So, what should be done about flood disaster policy going forward? Though private flood insurance has entered the market in the last few years, there are questions whether it will persist over the long term. And elected policymakers are unlikely to ignore the plight of large groups of people whose homes are struck by floodwaters. Yet, a return to the ad hoc aid of the mid-20th century is undesirable. So, though flawed, the NFIP likely is the best policy response that is politically attainable. That said, the program can be improved, and the most important step Congress can take is to return to the original intention that it charge unsubsidized, actuarially fair rates for covered structures.

Pre-NFIP Federal Disaster Policy

Between 1803 and 1947, Congress enacted at least 128 specific legislative acts offering ad hoc relief after various disasters. But some catastrophes were followed by no federal response. For example, in 1887 President Grover Cleveland vetoed relief for Texas farmers struck by that year's devastating drought.

Until the 1960s, federal disaster policy mostly focused on engineering solutions rather than relief. For instance, in 1879 Congress created the Mississippi River Commission to coordinate private levee projects to avoid the problem of one area "solving" its flooding problems by building levees to divert the waters to other areas. But Midwest businessmen lobbied for a sustained federal financial commitment to manage Mississippi floods. Congress authorized a round of flood control spending as part of the Mississippi River Commission's work in 1917 and again six years later, but local funding was still required to cover one-third of the works' costs.

The Great Mississippi Flood of 1927, which inundated some 16.5 million acres and killed several hundred people, resulted in permanent federal responsibility for controlling flooding along the river under the Flood Control Act of 1928. That responsibility expanded to the entire country in the Flood Control Act of 1936. This aid was overwhelmingly directed to building flood control projects.

This began to change with the Disaster Relief Act of 1950 (now known as the Stafford Act), which assumed federal responsibility for the repair and restoration of local public infrastructure after disasters. Overall, federal responsibility for disaster recovery spending began to grow. From 1955 through the early 1970s, federal disaster relief expenditures increased from 6.2% of total damages after Hurricane Diane in 1955 to 48.3% after Tropical Storm Agnes in 1972.

Where was private flood insurance? / In many calamities, private insurance provides relief following a loss: auto insurance covers those harmed in a car crash, and homeowner's insurance covers losses in a housefire or burglary, for instance.

At various times in American history, private insurers have offered flood coverage. But the magnitude of losses from major floods frequently pushed those insurers into bankruptcy. Until very recently no reputable insurer had offered flood insurance since the 1927 Great Mississippi Flood. As Wharton School economist Howard Kunreuther et al. explain in a 2019 paper:

In 1897, an insurance company offered flood insurance to property along the Mississippi and Missouri Rivers motivated by the extensive flooding of these two rivers in 1895 and 1896. Two floods in 1899 not only caused the insurer to become insolvent since losses were greater than the insurer's premiums and net worth, but the second flood washed the office away. No insurer offered flood coverage again until the 1920s, when thirty fire insurance companies offered coverage and were praised by insurance magazines for placing flood insurance on a sound basis. Yet, following the great Mississippi flood of 1927 and flooding the following year, one insurance magazine wrote: "Losses piled up to a staggering total…. By the end of 1928, every responsible company had discontinued coverage."
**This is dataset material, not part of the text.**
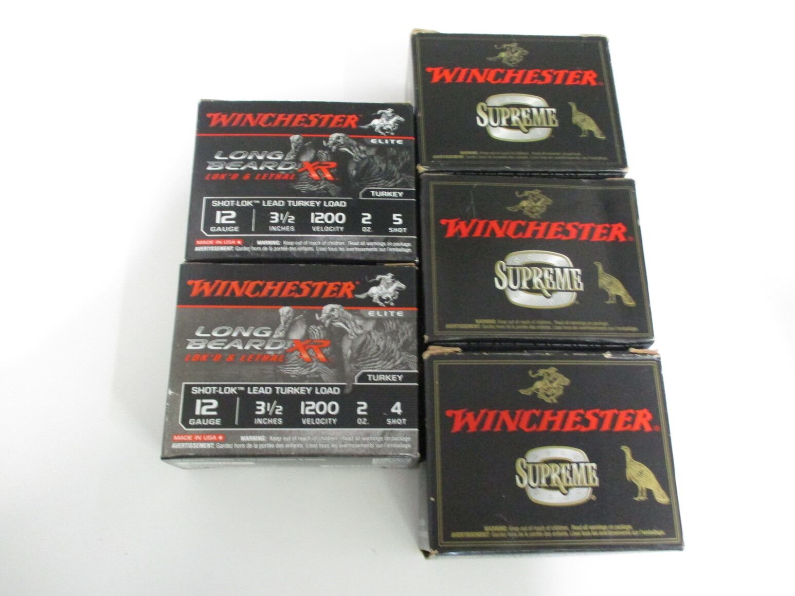 WINCHESTER 12 GAUGE TURKEY LOAD SHOTSHELLS LOT, 49 RNDS, 3 1/2", #4 & #5 SHOT, THERE ARE NEW SHIPPING RESTRICTIONS, PLEASE MAKE SURE YOU HAVE READ AND CONFIRMED WE CAN SHIP TO YOU BEFORE BIDDING ON THIS LOT. PLEASE SEE LOT 0 IN THIS SESSION. NO REFUNDS WILL BE ISSUED, OR BIDS RETRACTED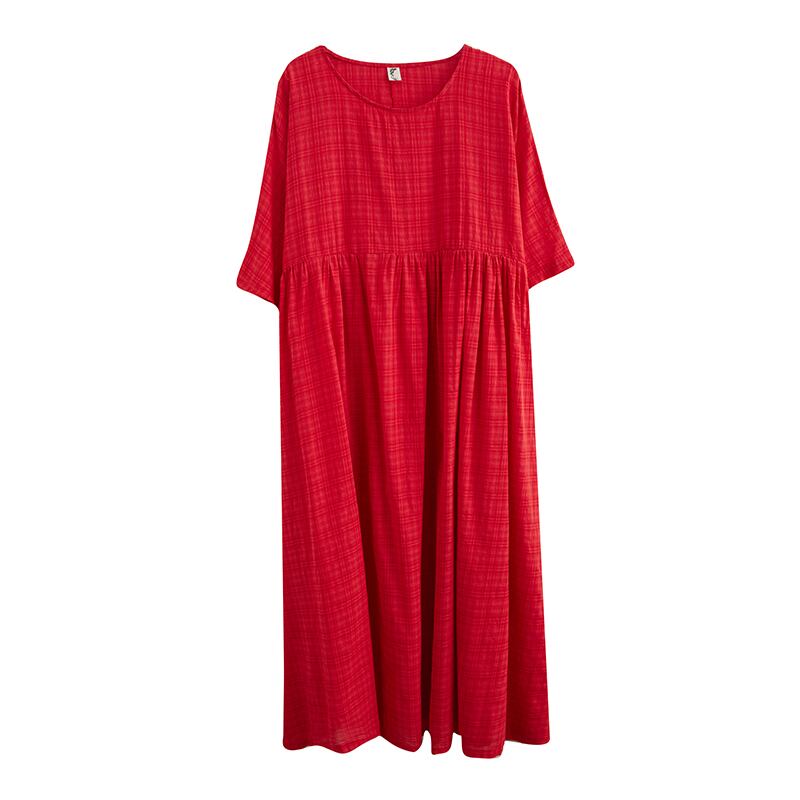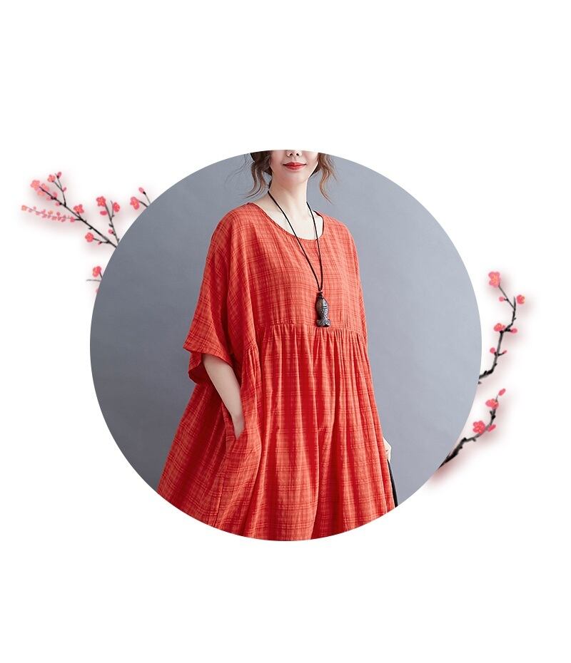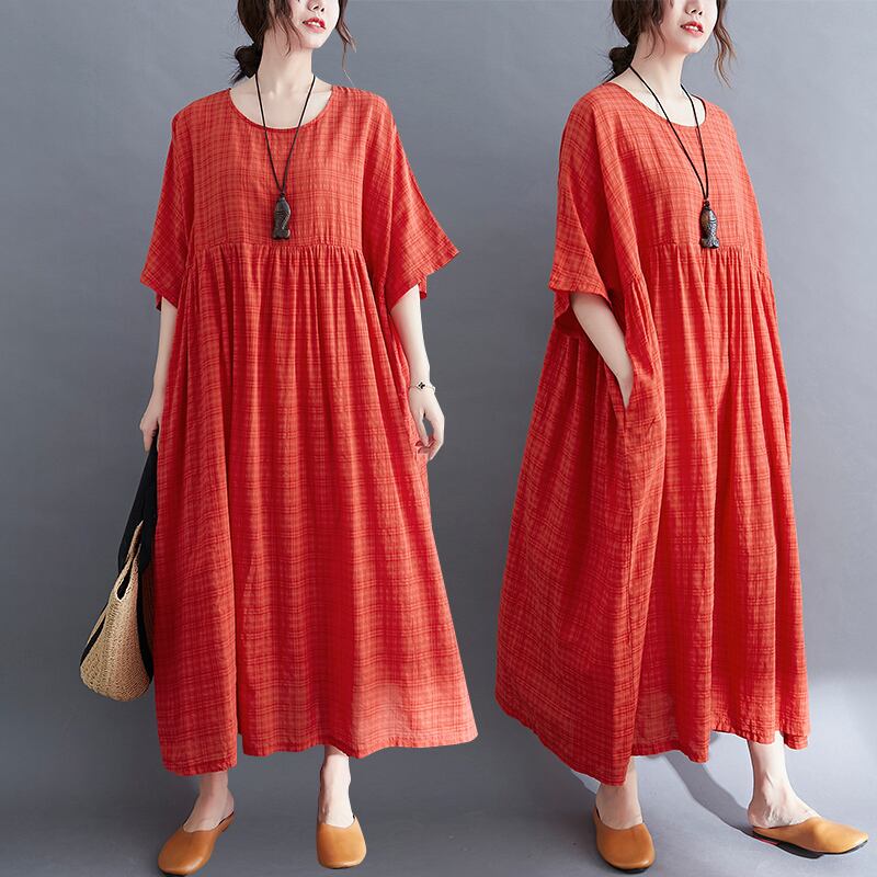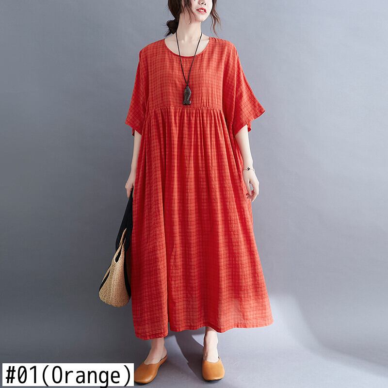 送料無料୨♥୧ エスニックレディースサマーマキシドレス ソリッド ルーズオレンジ格子柄Oネックスタンダードガウン レトロ 夏物 ソリッドカラー AOS45620515505

Can private flood insurance be economically viable? Much scholarly discussion on this question has been vague rather than definitive: "The experience of private capital with flood insurance has been decidedly unhappy," wrote William Hoyt and Walter Langbein in their 1955 book Floods. "From the late 1920s until today, flood insurance has not been considered profitable," noted the Congressional Research Service (CRS) in a 2005 report. Kunreuther et al. quote a commenter in a May 1952 industry publication offering this blunt assessment:

Because of the virtual certainty of the loss, its catastrophic nature, and the impossibility of making this line of insurance self-supporting due to the refusal of the public to purchase insurance at rates which would have to be charged to pay annual losses, companies could not prudently engage in this field of underwriting.

Government Insurance

With no private flood insurance available to property owners, Congress in the mid-20th century took on an increasing role in providing disaster relief. But lawmakers realized that they were placing a growing burden on taxpayers.

In 1965, Congress appropriated relief funds for that year's flood losses on the upper Mississippi as well as Hurricane Betsy and other storms that devastated the South in 1963 and 1964. The legislation included a provision directing the Department of Housing and Urban Development to study whether a federal flood insurance program would be a desirable alternative to ad hoc disaster relief. The resulting 1966 report recommended such a program, adding that any federal premium subsidies should be limited to existing structures in high-risk areas, while new construction should be charged actuarially fair rates.

Congress enacted the National Flood Insurance Act in 1968, incorporating most of the HUD study's recommendations. Though structures erected prior to full implementation of the program qualified for subsidized premiums, all other covered structures ideally were to pay full actuarial rates. Flood-prone areas that are eligible for NFIP coverage are designated on Flood Insurance Rate Maps (FIRMs) that were drawn and are periodically updated under the legislation. According to a 2015 National Research Council (NRC) report, "The expectation was that, over time, the properties receiving pre-FIRM subsidized premiums would eventually be lost to floods and storms and pre-FIRM subsidized premiums would disappear through attrition."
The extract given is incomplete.